High-paying industries located on the East Side draw Chinese-American professionals there. Wang's husband, who has a Ph.D. in medical engineering and works for a medical equipment maker in Highland Heights, came to the U.S. in 1989 to study for his advanced degree. Wang, who then had a bachelor's degree in language and literature from a Chinese university, followed him. Once here, she decided she needed more education if she wanted to work in the U.S. She entered a graduate business program and majored in accounting, ultimately finding work as a loan officer at an Akron-based mortgage brokerage.
In time, she earned a roster of Chinese-American clients and branched out on her own. She opened her own business, purchasing a brass placard that reads: "First Integrity Financial Services" in both English and Chinese. She rented office space in Solon, less than 15 minutes from her home.
Almost every week, Wang's life intersects with poorer Chinese immigrants, many of whom have come to the United States under family-reunification visas, but with much less education. They live near downtown Cleveland's Chinatown, often at the poverty level, and, like their predecessors, still come to work in family-owned businesses.

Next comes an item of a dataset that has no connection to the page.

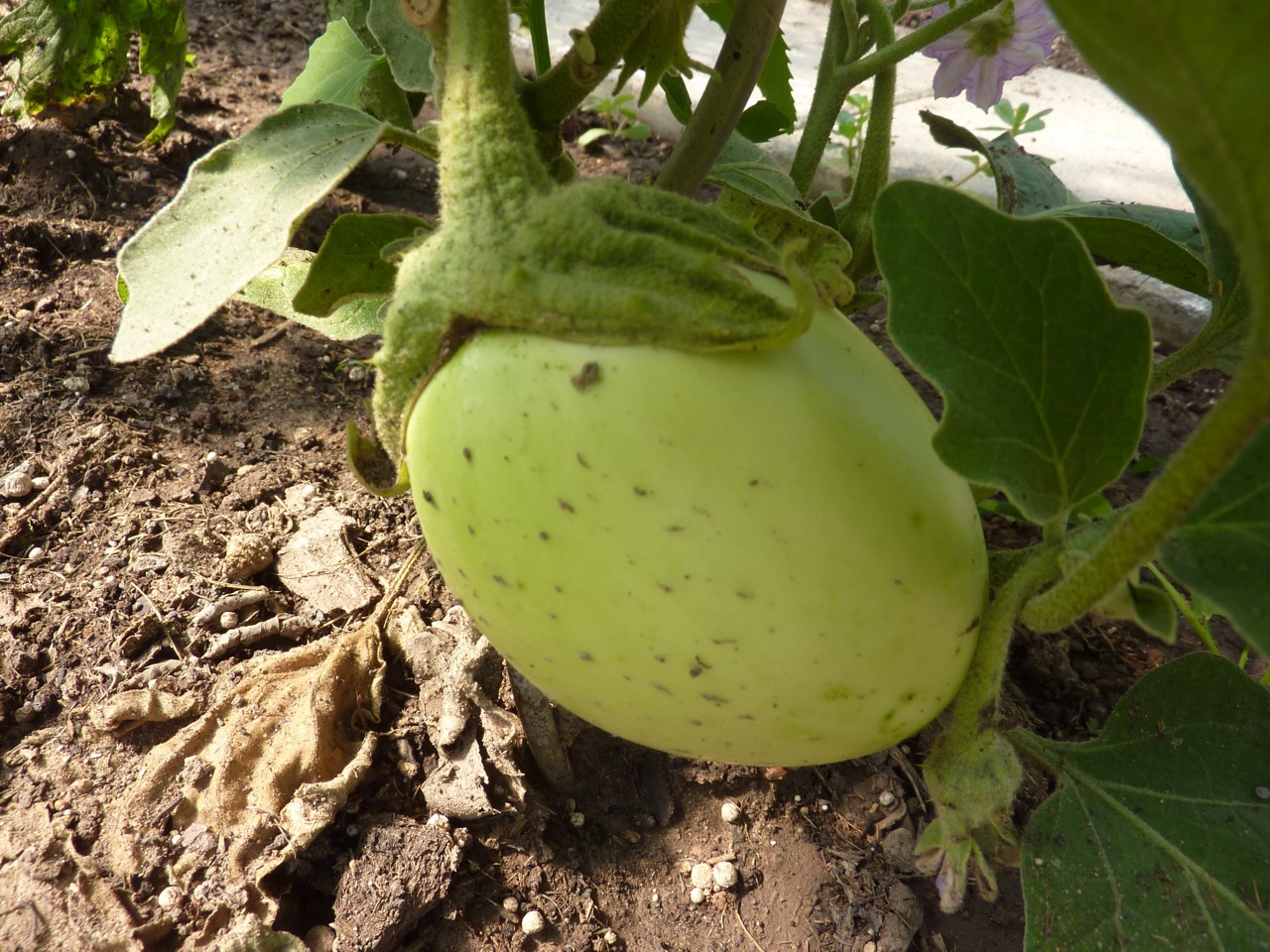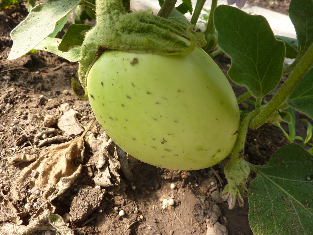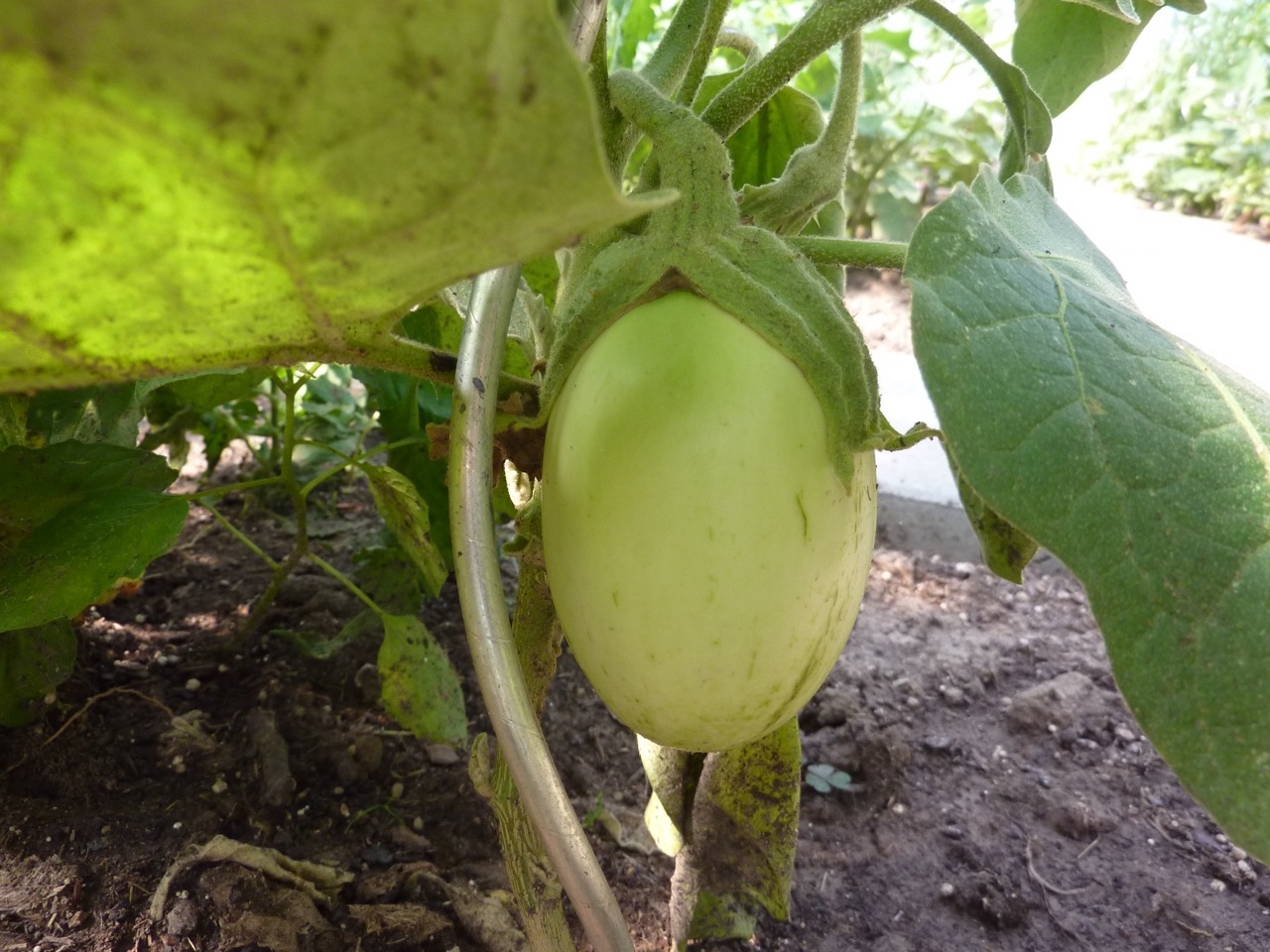 Grün- Hellgrüne oval runde 6 -12 cm große, festfleischige Aubergine. Bei der Saatgutreife verfärbt sich die Fruchte gelb.

Cleveland's Chinatown, located along Payne, Superior and St. Clair avenues and stretching from East 30th to East 40th streets, is a constellation of restaurants, bakeries and laundries, all with signs first in Mandarin Chinese. Roughly in the center is Asia Plaza, which houses jewelry kiosks, community organization offices such as Japan Society, an herbal medicine seller and the flagship Li Wah Restaurant.
The city's first Chinese language school is a few blocks away, located in a church basement. Its roster of students has been slowly declining in number. Unable to charge more fees from working-class parents, the school is struggling financially. From a peak of 120 students in 1990, it now has about 65.
One reason is that many families, after learning of the Solon school, are sending their children there. But Chinatown remains a commercial hub for Greater Cleveland's Chinese immigrant community. It's still where Wang and her wealthier compatriots drive in once a week to shop, eat and stock up on groceries.